In fact, slavery, and democracy, in ancient Athens and beyond is a multidimensional and multifaceted story of innate human capacity and agency, dignity, adaptability, fortitude, and resistance. Meaning, ‘…slaves were not passive objects, whose identity and existence was completely dominated by their masters.’[v]  As described by Xenophon (Greek military leader and philosopher), there were without a doubt slaves forced into strenuous domestic work: ‘baking, cooking, spinning’ and scrubbing under their owner’s will (Xen. Oec. 9.9). That said, we are also told of others that gained valuable skill-sets outside the home, coinciding with their inherent intelligence and creativity, from potters to builders to bankers and shoemakers (Hyperides, 3.1-9; and Aeschines, 1.97)[vi]. These slaves participated in communal undertakings (such as workshops and spiritual associations) together with other free and enslaved persons. Even Aristotle, who had little love (agape) for the underclasses, had to acknowledge, albeit cautiously, the inherent democratic nature (and/or threat thereof) made evident by the sheer numbers of this uniquely collective phenomenon - what the great theorist himself branded as koinônia, simply defined as fellowship of the masses. But the politikê koinônia (he warns) was specifically formed for the benefit of its members (Arist. Eth. Nic. 1160a4-6). Influenced by his celebrated teacher, renowned philosopher Plato, who argued that the limits of citizenship and its influence correlate with ‘the precise form of constitution and law’ in place (Plato, Laws 714c) - Aristotle’s well-known anti-democratic discourse on ‘mob-rule’ and the necessity for the ‘rule of law’ as fundamental to ‘the natural order of things’ thus becomes most evident. While in agreement with Pericles’ famed proclamation on the importance of the ‘rule of law’ in the ancient Greek city-state; when it came to what Pericles professed as the virtues of democracy defined, the two-men parted ways in dramatic fashion. In what is considered the ideal of a democratic philosophical vision, Pericles outlines demokratia (in his famed funeral speech of 431 BCE), as follows:

Its administration favors the many instead of the few…equal justice to all…class considerations not being allowed to interfere with merit; nor again does poverty bar the way. The freedom which we enjoy in our government…[teaches] us to obey the magistrates and the laws, particularly as regard [to] the protection of the injured (Thucydides, 2.37).

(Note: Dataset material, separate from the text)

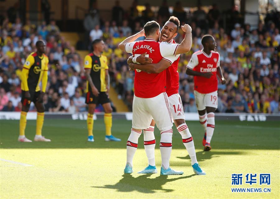 9月15日,阿森纳队球员奥巴梅扬(前右)在进球后与队友科拉希纳茨庆祝。 当日,在2019-2020赛季英格兰足球超级联赛第五轮比赛中,阿森纳队客场以2比2战平沃特福德队。 新华社/路透

On the contrary, Aristotle’s depiction of a ‘democratic regime’ and/or constitution is one with an inherent propensity toward ‘license and lawlessness.’ He defines, ‘radical democracy,’ in that of Athens for example, as having two critical flaws: firstly, the influence of the demos can potentially supersede the law (Arist. Pol. 1292a4ff.); and secondly, the demos hold the power to impeach magistrates for wrongdoing (such as malfeasance) which Aristotle intimates are both a step too far (Arist. Pol. 1292a30, and cf.1298a29-35). That said, as threatening as he might have interpreted it, the concept of koinônia permits us to observe enslaved persons actively utilizing their intrinsic agency within a broader collective milieu.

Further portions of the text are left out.